Analyst Ratings February 20, 2026

Raymond James Elevates Paymentus to Strong Buy, Cites Valuation Opportunity

Analyst upgrade follows steep recent share decline; firm lowers target but highlights upside in margins and takeout scenarios

By Hana Yamamoto PAY
Raymond James Elevates Paymentus to Strong Buy, Cites Valuation Opportunity
PAY

Raymond James upgraded Paymentus Holdings (PAY) from Outperform to Strong Buy while trimming its price target to $35 from $41. The firm added the company to its Analyst Current Favorites list, noting recent share-price weakness and potential upside to contribution profit and adjusted EBITDA. Freedom Capital Markets also initiated coverage with a Buy rating and a $40 target.

Key Points

  • Raymond James upgraded Paymentus to Strong Buy from Outperform and lowered its price target to $35.00 from $41.00; the stock was added to the firm's Analyst Current Favorites list.
  • Paymentus shares have fallen 30% over three months and 34% over six months, trading around $24.45 and near a 52-week low of $22.65; the Russell 2000 rose 13% over the past three months.
  • Analysts expect potential mid-single digit upside to contribution profit dollars and adjusted EBITDA in the near term; Raymond James sees a low-to-mid 20% IRR at a $30-35 takeout price and values the stock at 13x its bull-case 2027 adjusted EBITDA estimate.

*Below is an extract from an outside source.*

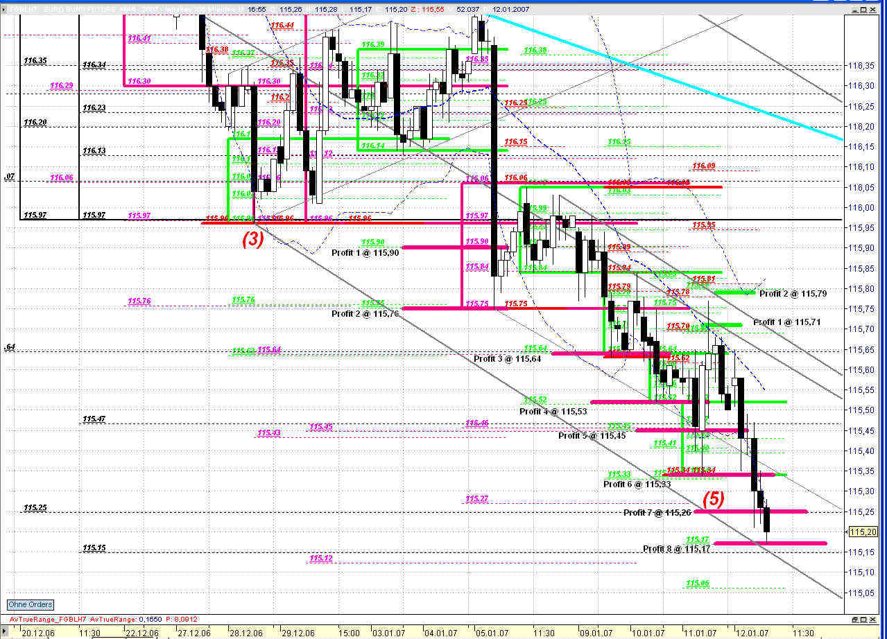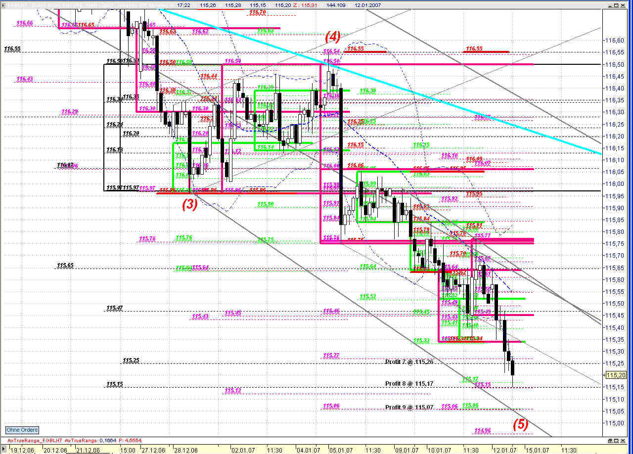 Womit nun Imuls 3 und 5 die gleichen Längenverhältnisse aufweisen. Sollte der FGBL nun nicht mehr über sein heutiges Tageshoch bei 115,34 ansteigen können und in der Folge unter die 115,26 fallen, befindet er sich aktuell schon in seinem neuen Abwärtsimpuls 1 und es bleibt bei dieser Zählweise. Ziele liegen - bis auf weiteres - bei 115,15 (Minimal) / 115,07 (Normal) / 114,97 (Maximal).

Raymond James has raised its recommendation on Paymentus Holdings (NYSE: PAY) to Strong Buy from Outperform and reduced its price objective to $35.00 from $41.00, while placing the stock on its Analyst Current Favorites list.

The firm highlighted the pronounced pullback in the shares: Paymentus has fallen 30% over the last three months even as the Russell 2000 rose 13% in the same span. Over a six-month window the stock is down 34%. Shares were trading near $24.45 at the time of the note, close to a 52-week low of $22.65.

On fundamentals, Raymond James expects robust fourth-quarter results. The firm models potential mid-single digit percentage upside to contribution profit dollars and to adjusted EBITDA. For the company’s initial fiscal 2026 outlook, Raymond James anticipates guidance that will likely align with current Street expectations across the key metrics it follows.

Looking beyond the initial outlook, the firm judges that fiscal 2026 guidance could prove conservative. Raymond James sees the potential for mid-single digit contribution profit dollar upside and high-single digit adjusted EBITDA upside as the year progresses. Its analysis also indicates a low-to-mid 20% internal rate of return under a takeout price in the $30-35 range.

Valuation context provided by Raymond James shows Paymentus trading at 13 times the firm’s bull-case 2027 adjusted EBITDA estimate. Balance-sheet strength is another pillar of the analyst note: the company is described as having no debt and a current ratio of 4.36, signaling substantial short-term liquidity. InvestingPro analysis is cited as suggesting the stock is undervalued at current market levels, with a Fair Value above the trading price.

In separate research activity, Freedom Capital Markets has started coverage of Paymentus with a Buy rating and set a price target of $40.00. That firm highlighted Paymentus as a leading provider of cloud-based bill payment technology, reflecting confidence in the company’s business model and growth potential.


The recent analyst moves encapsulate a bullish view from multiple research shops driven by perceived valuation opportunity, expected upside to profit and margin measures, and a strong liquidity position. At the same time, the stock’s steep recent decline and proximity to its 52-week low underscore investor caution amid the wider market backdrop.

Risks

  • Near-term share-price volatility - the stock is trading close to its 52-week low, reflecting market caution that could persist and affect investor returns; this impacts small-cap and fintech market sentiment.
  • Guidance uncertainty - while Raymond James expects fiscal 2026 guidance to align with Street views and to be conservative, any divergence in actual results could affect valuation and analyst expectations; this is relevant for corporate earnings and market forecasts in the payments sector.
  • Reliance on margin improvements - the projected mid- to high-single digit upside in contribution profit and adjusted EBITDA depends on operational performance; underperformance would affect fintech and software-as-a-service comparables.